Luxfer Holdings PLC is a materials-engineering manufacturer that designs, produces and sells high-performance magnesium alloys/powders, zirconium chemicals, carbon-composite and aluminum gas cylinders, and photo-engraving and developer chemicals across three segments: Elektron, Gas Cylinders and Graphic Arts. The company serves Defense/First Response & Healthcare (44% of 2024 sales), Transportation (29%) and General Industrial (27%), reported 2024 continuing-operations net sales of $391.9 million and net income of $18.3 million, and operates 13 vertically integrated plants with ~1,500 employees across the U.S., U.K., Canada, China and a JV in Japan. Competitive strengths include deep technical R&D, long-standing customer relationships, patented/ proprietary alloys and close customer collaboration for bespoke, high‑value applications; key operational risks center on concentrated raw-material supply (magnesium, carbon fiber) and customer concentration in certain segments.

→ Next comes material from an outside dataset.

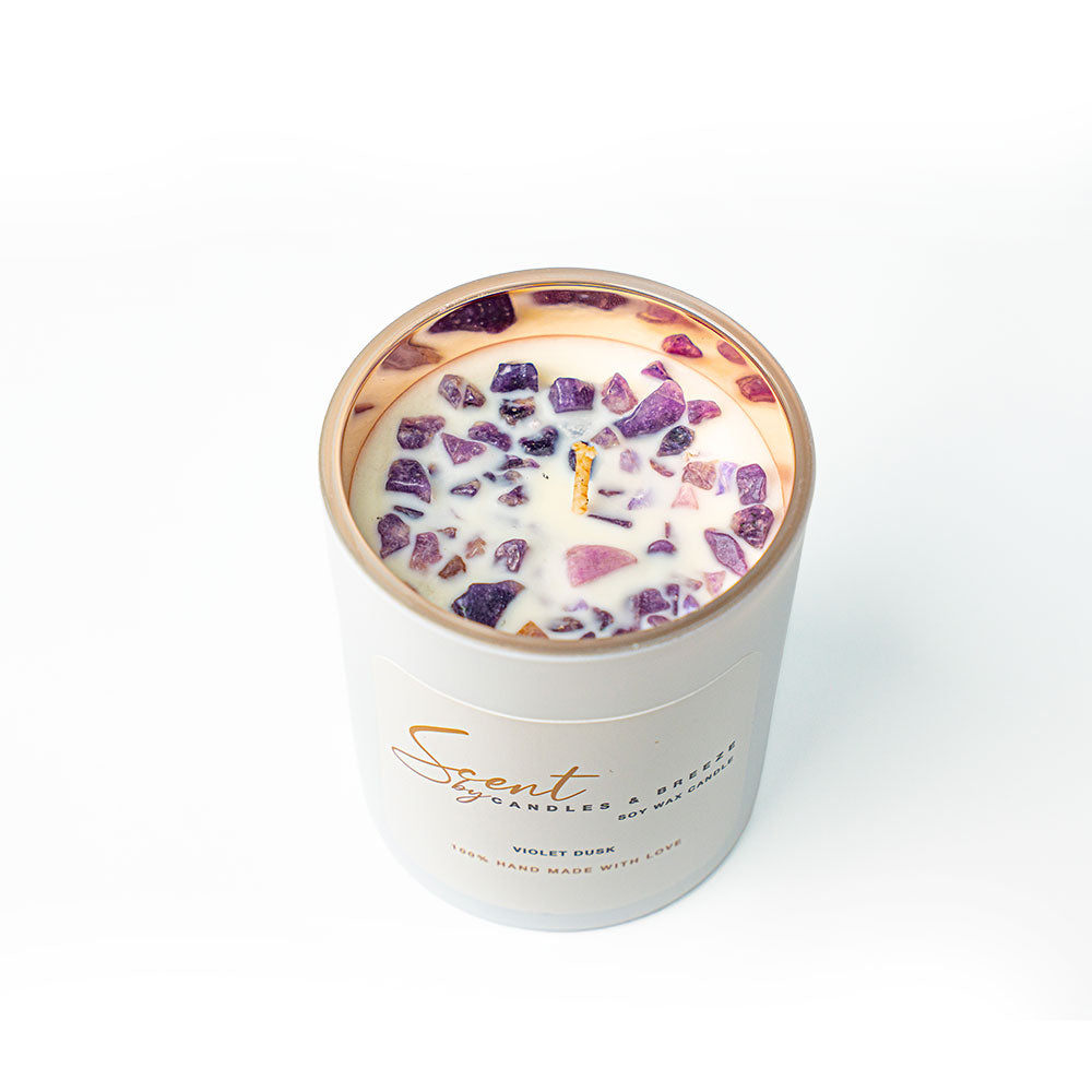 This hand-poured soy candle weaves together soft violet petals, calming lavender, and warm, earthy woods — capturing the gentle, soothing essence of evening light. Its delicate, floral warmth fills your space with a peaceful, lingering glow, perfect for slow evenings, self-care rituals, or quiet moments of reflection.

Given Luxfer’s capital-light R&D and manufacturing focus and the 2024 emphasis on margin recovery, executive pay is likely weighted toward short‑ and long‑term incentive plans tied to financial metrics such as adjusted EBITDA, gross margin expansion, free cash flow/operating cash flow and working‑capital improvement (important for covenant compliance). Long‑term awards for retention of technical talent and alignment with shareholders are likely equity‑based (PSUs/stock options or restricted shares) measured on multi‑year targets such as ROIC, TSR or multi‑year EBITDA/FCF milestones; pension accounting volatility and any material one‑off items (legal recoveries, asset disposals) will be relevant when setting or adjusting targets. Safety and operational KPIs (lost‑time incident rate, plant uptime, successful divestiture execution) and strategic priorities (completion of Graphic Arts and Superform divestitures, selective capex) are plausible modifier metrics for bonuses, while modest dividends and occasional buybacks influence realized equity compensation value.
Material nonpublic events that could drive insider activity include divestiture announcements and deal terms, legal-recovery outcomes, covenant or refinancing developments (including the $25m loan note due 2026 and the July 2030 revolving facility repricing), major defense or large commercial contract awards, and significant raw‑material supply disruptions or pricing shocks. As a UK‑headquartered, U.S.-listed industrial, insiders must navigate both UK/European market abuse rules and SEC reporting (Form 4) — expect standard blackout windows around earnings, strategic transactions and divestitures and frequent use of pre‑arranged 10b5‑1 plans to manage trading timing. High customer concentration and supply‑chain dependence make positive or negative operational updates particularly price‑sensitive, so proximity to such information is a meaningful factor when evaluating insider buys/sells.